EXERCISE BRIEF:
The material below is to be copied exactly from the line with "Ngoài ra, chất" up to and including the line with "The principal bedroom", with nothing else kept and no pictures.

SOURCE RECORDS:
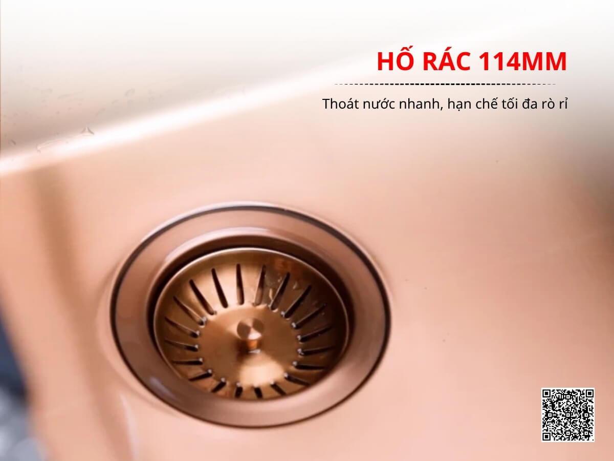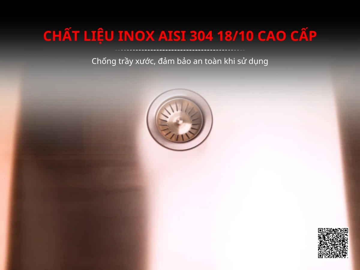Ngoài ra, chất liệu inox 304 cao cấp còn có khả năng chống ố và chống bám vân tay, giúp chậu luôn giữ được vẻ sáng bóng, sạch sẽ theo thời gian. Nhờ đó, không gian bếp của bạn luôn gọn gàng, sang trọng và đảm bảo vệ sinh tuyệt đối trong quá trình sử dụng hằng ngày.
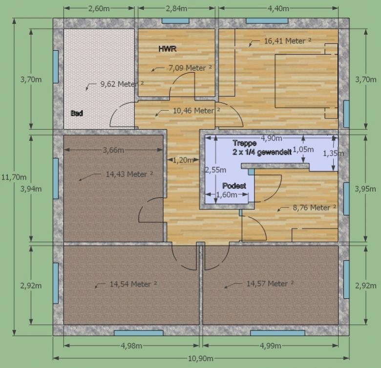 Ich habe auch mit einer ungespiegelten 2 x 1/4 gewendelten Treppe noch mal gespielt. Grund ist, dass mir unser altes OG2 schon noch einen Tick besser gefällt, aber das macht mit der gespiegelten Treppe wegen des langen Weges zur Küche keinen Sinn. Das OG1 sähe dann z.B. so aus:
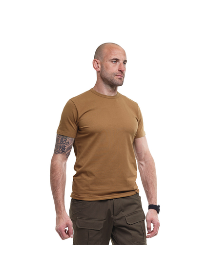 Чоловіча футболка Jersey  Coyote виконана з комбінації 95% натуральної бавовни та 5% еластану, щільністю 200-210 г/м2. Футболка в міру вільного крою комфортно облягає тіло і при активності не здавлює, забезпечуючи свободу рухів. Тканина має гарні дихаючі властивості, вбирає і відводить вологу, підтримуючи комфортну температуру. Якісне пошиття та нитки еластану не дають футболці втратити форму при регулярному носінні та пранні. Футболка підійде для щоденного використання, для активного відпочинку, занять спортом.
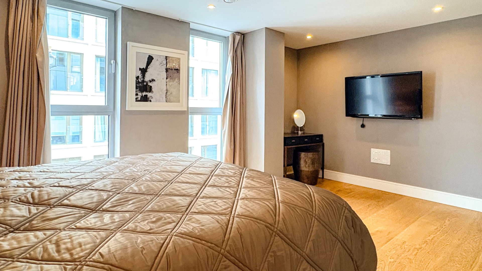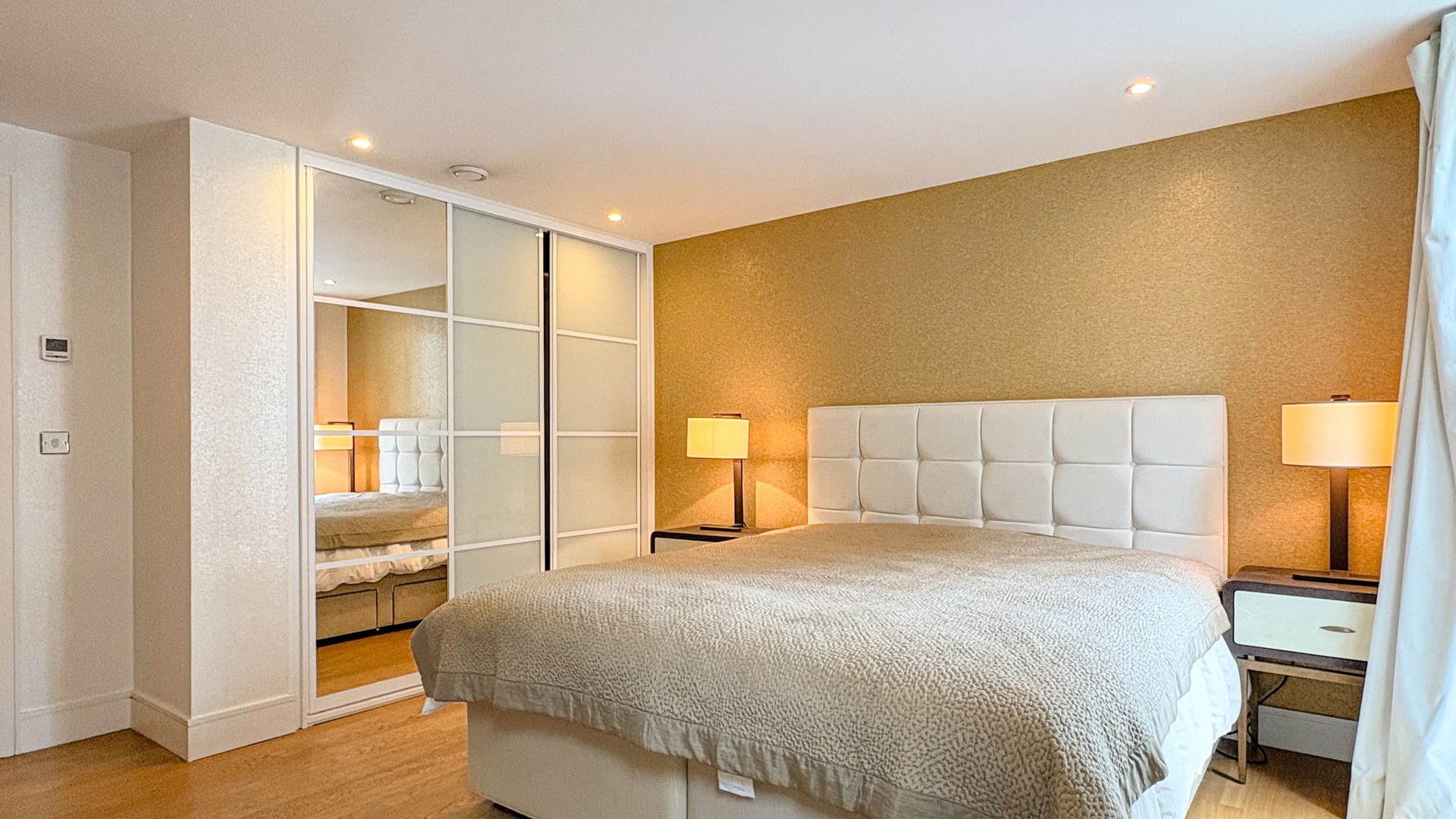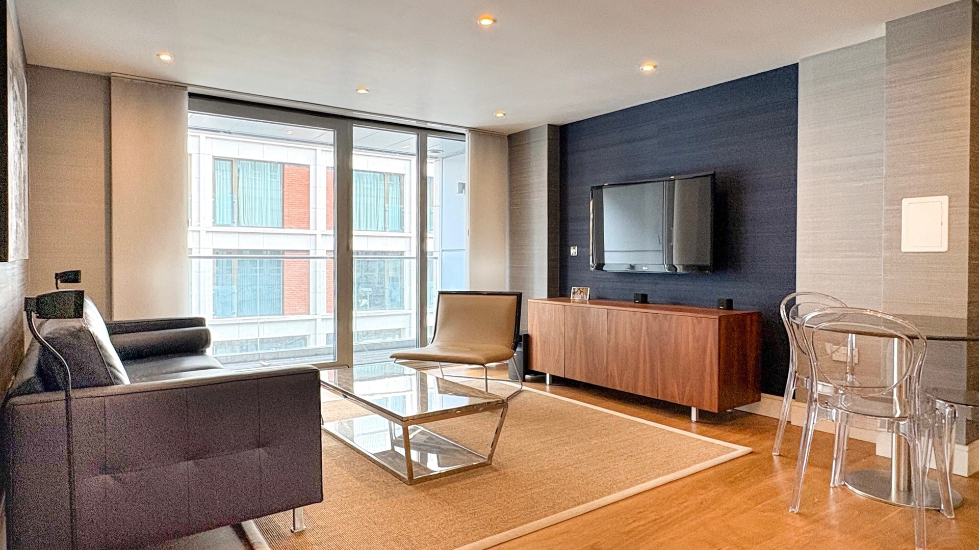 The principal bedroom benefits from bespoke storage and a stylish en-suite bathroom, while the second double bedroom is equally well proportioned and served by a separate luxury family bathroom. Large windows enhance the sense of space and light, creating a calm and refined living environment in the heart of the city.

* * *

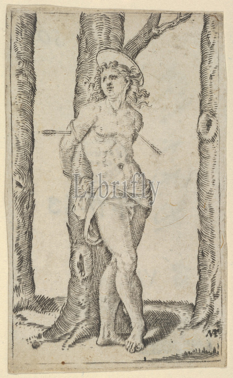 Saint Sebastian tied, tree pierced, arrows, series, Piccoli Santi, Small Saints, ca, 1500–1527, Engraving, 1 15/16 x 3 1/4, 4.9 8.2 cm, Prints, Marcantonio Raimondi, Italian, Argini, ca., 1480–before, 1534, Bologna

==

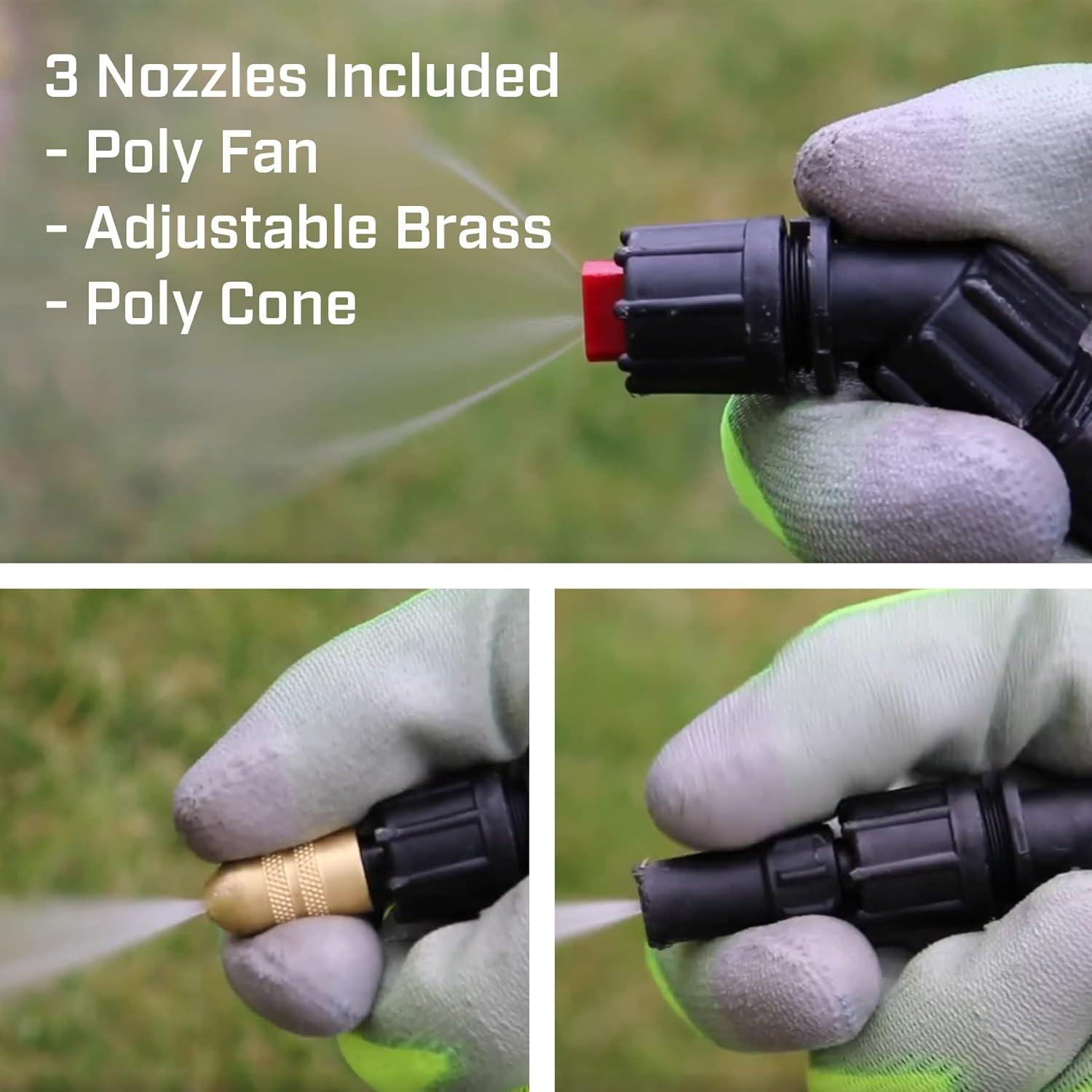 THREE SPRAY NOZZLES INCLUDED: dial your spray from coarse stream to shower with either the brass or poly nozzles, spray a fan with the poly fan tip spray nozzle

RESPONSE:
Ngoài ra, chất liệu inox 304 cao cấp còn có khả năng chống ố và chống bám vân tay, giúp chậu luôn giữ được vẻ sáng bóng, sạch sẽ theo thời gian. Nhờ đó, không gian bếp của bạn luôn gọn gàng, sang trọng và đảm bảo vệ sinh tuyệt đối trong quá trình sử dụng hằng ngày.
 Ich habe auch mit einer ungespiegelten 2 x 1/4 gewendelten Treppe noch mal gespielt. Grund ist, dass mir unser altes OG2 schon noch einen Tick besser gefällt, aber das macht mit der gespiegelten Treppe wegen des langen Weges zur Küche keinen Sinn. Das OG1 sähe dann z.B. so aus:
 Чоловіча футболка Jersey  Coyote виконана з комбінації 95% натуральної бавовни та 5% еластану, щільністю 200-210 г/м2. Футболка в міру вільного крою комфортно облягає тіло і при активності не здавлює, забезпечуючи свободу рухів. Тканина має гарні дихаючі властивості, вбирає і відводить вологу, підтримуючи комфортну температуру. Якісне пошиття та нитки еластану не дають футболці втратити форму при регулярному носінні та пранні. Футболка підійде для щоденного використання, для активного відпочинку, занять спортом.
 The principal bedroom benefits from bespoke storage and a stylish en-suite bathroom, while the second double bedroom is equally well proportioned and served by a separate luxury family bathroom. Large windows enhance the sense of space and light, creating a calm and refined living environment in the heart of the city.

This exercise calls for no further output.